Plusieurs centaines de sans-papiers ont passé la nuit de samedi à dimanche devant le Complexe Guy-Favreau, qui abrite des bureaux de Immigration Canada à Montréal. Des familles avec enfants, des jeunes et moins jeunes, ont veillé toute la nuit dans le froid pour lancer un message au gouvernement canadien. Au-delà de ce message, certains d’entre eux ont raconté leur histoire.
Diallo Mamadou, 22 ans sans statut au Canada
Arborant un masque et une tuque, le Guinéen sans-papiers Diallo Mamadou avance presque de peine et de misère au micro pour témoigner de sa situation. L’homme de 59 ans a passé les 2 dernières années avec un statut précaire et les 20 précédentes «entre les deux chaises», pour un total de 22 années au Canada en tant que sans-papiers.
D’une voix tremblotante et pleine d’émotion, il raconte avoir laissé depuis ce temps, en Guinée-Conakry, sa femme et ses cinq enfants qu’il n’a pas vus depuis.
«Depuis 2003, je vis dans la précarité. Je suis exploité par des agences et je n’ai pas accès aux soins médicaux. Ils me paient ce qu’ils veulent. Je suis obligé de prendre, car ils savent que je suis sans statut», confie-t-il.
Toute sa famille restée en Guinée compte sur lui pour un soutien financier. Mais parfois, ses enfants doivent passer des jours sans nourriture. Comme lorsqu’il a eu un accident et ne pouvait plus travailler au noir, ni se faire soigner.
«Je me suis retrouvé avec les deux bras cassés, on m’a transféré d’un hôpital à un autre et personne ne voulait me soigner pendant 18 jours.», se souvient l’immigrant guinéen, avant de reprendre le slogan de Solidarité sans frontière «un statut pour tout le monde.» Finalement il avait pu trouver de l’aide auprès d’une ONG qu’il n’a pas voulu nommer.
Alfredo, malade et exploité
Un Mexicain de 56 ans, Alfredo, ainsi que sa femme, vivent la même situation depuis 12 ans.
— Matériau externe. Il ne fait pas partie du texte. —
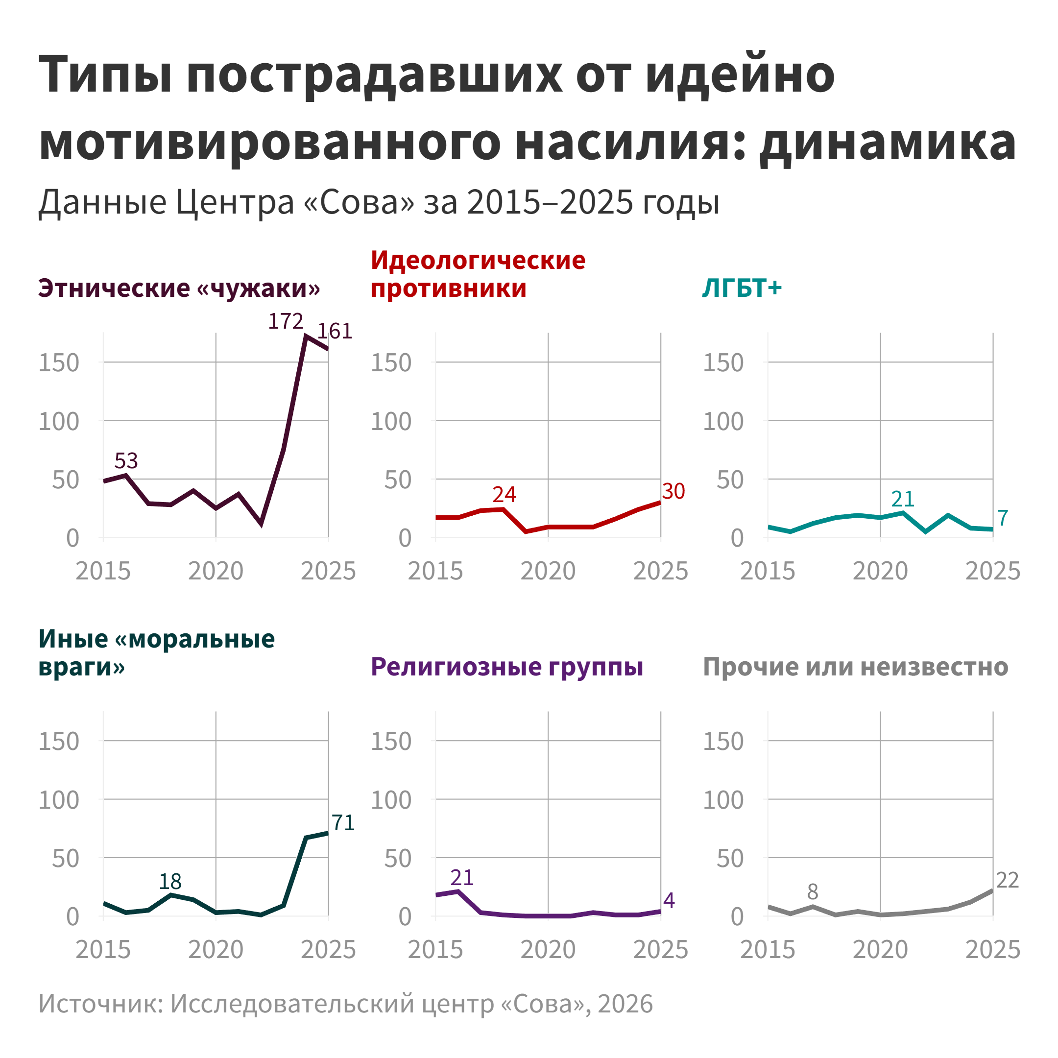 В 2025 году мы зафиксировали 161 нападение по этническому признаку, то есть атак на тех, кого нападавшие визуально воспринимали как этнических чужаков. И это чуть меньше, чем годом ранее (172 нападения).
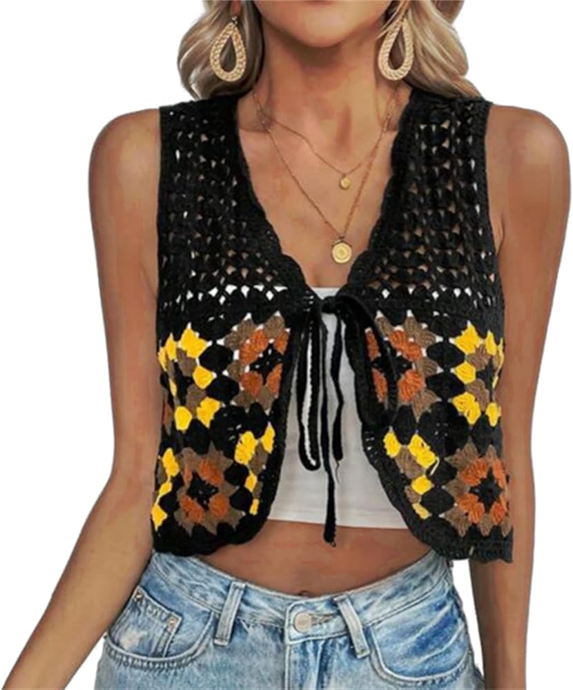 المطابقة: سترة الكروشيه مناسبة للارتداء مع القمصان والقمصان بدون أكمام والبكيني والفساتين والسراويل القصيرة والجينز والتنانير. يمكن ارتداء السترة ذات الأربطة الأمامية مع قمصان مختلفة، مما يخلق نمطًا أكثر جمالاً ويوميًا
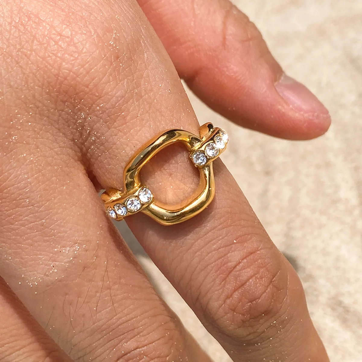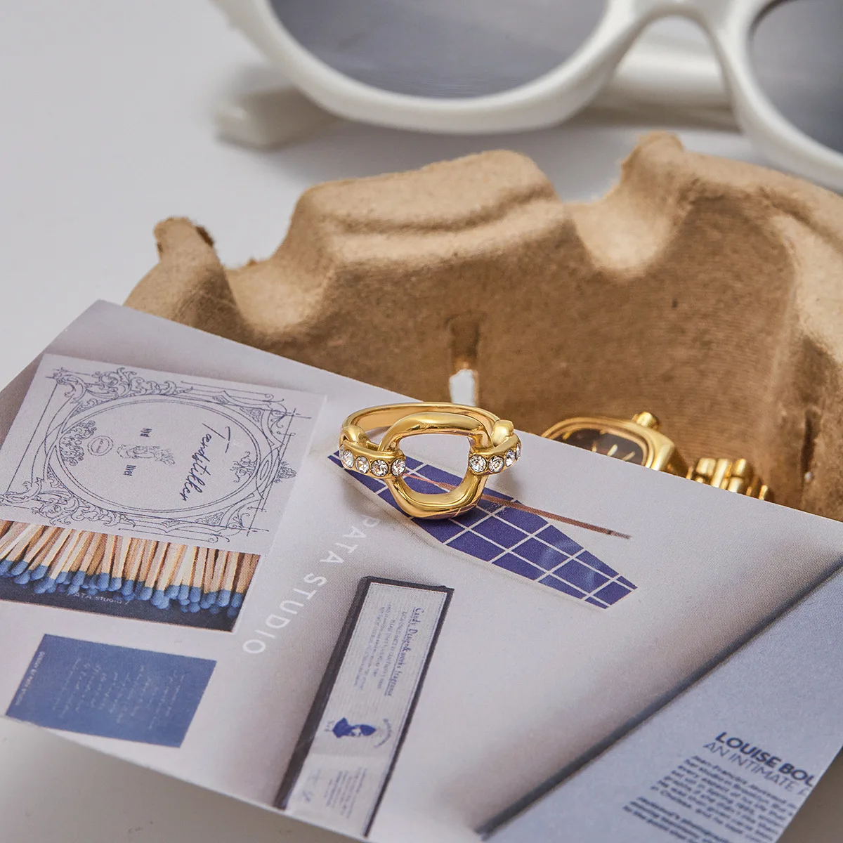 MW Women's New Style Fashion Classic Minimalist 18K Gold-plated Crystal-embedded Ring, Non-fading and Suitable for Daily Wear

Ils laissent derrière quatre enfants qui comptent sur eux pour leur pain quotidien. Diabétique et souffrant d’une hernie, Alfredo travaille en entretien ménager depuis neuf ans. On l’a payé au noir pendant près de huit ans 11 dollars par heure, en argent comptant. Cela fait plus d’un an qu’il a eu une augmentation de trois dollars, soit 15 dollars de l’heure, toujours sous la table.
«C’est très difficile de vivre ainsi, mais à notre âge retourner au Mexique serait encore pire pour nous», affirme le couple avant d’appeler à un statut pour tous.
Aboubacar: la dépression guette
Aboubacar Kane, un jeune sénégalais qui milite au sein de Solidarité sans frontière dans la précarité depuis 5 ans. Il vient d’obtenir un permis de travail après avoir passé trois ans sans aucun statut.
«C’était extrêmement difficile, raconte le jeune à Métro. On est coupé de tout, c’est une situation très déprimante. Quand on est là-dedans, on est fatigué de demander de l’aide, on a tendance à se cacher, surtout quand on est malade. On a peur d’aller à l’hôpital, ce qui a pour effet d’aggraver notre cas», explique-t-il. Tout comme Mamadou et Alfredo, il dit avoir travaillé au noir même s’il savait que c’était illégal.
Un programme de régularisation à l’étude
Plusieurs médias rapportent qu’Ottawa songe à mettre sur pied un programme de régularisation globale d’environ 500 000 sans-papiers. L’idée germe au ministère de l’Immigration depuis un an et demi. Justin Trudeau avait mandaté Sean Fraser pour étudier la question et des sources du ministère ont confirmé à Radio-Canada que des discussions sont en cours avec des organismes en vue de statuer sur la manière procéder.
«Il reste 10 semaines avant les vacances parlementaires, souligne Samira Jasmin de Solidarité sans frontière. L’attente est longue et entre-temps, nos droits sont bafoués et on souffre de l’exploitation.»
Elle réclame un programme qui inclurait tout le monde, même ceux qui pourraient devenir sans-statut prochainement «et non pas juste un permis de travail pour prolonger notre exploitation.»
La militante de Solidarité sans frontière indique que les militants sont résistants, mais qu’ils sont à bout de patience. Plusieurs centaines de sans-papiers ont passé une nuit devant le Complexe Guy-Favreau qui abrite des bureaux de Immigration Canada à Montréal en vue réclamer cette régularisation pour tous. Des familles avec enfants, des jeunes et moins jeunes ont veillé toute la nuit dans le froid pour lancer un message aux autorités.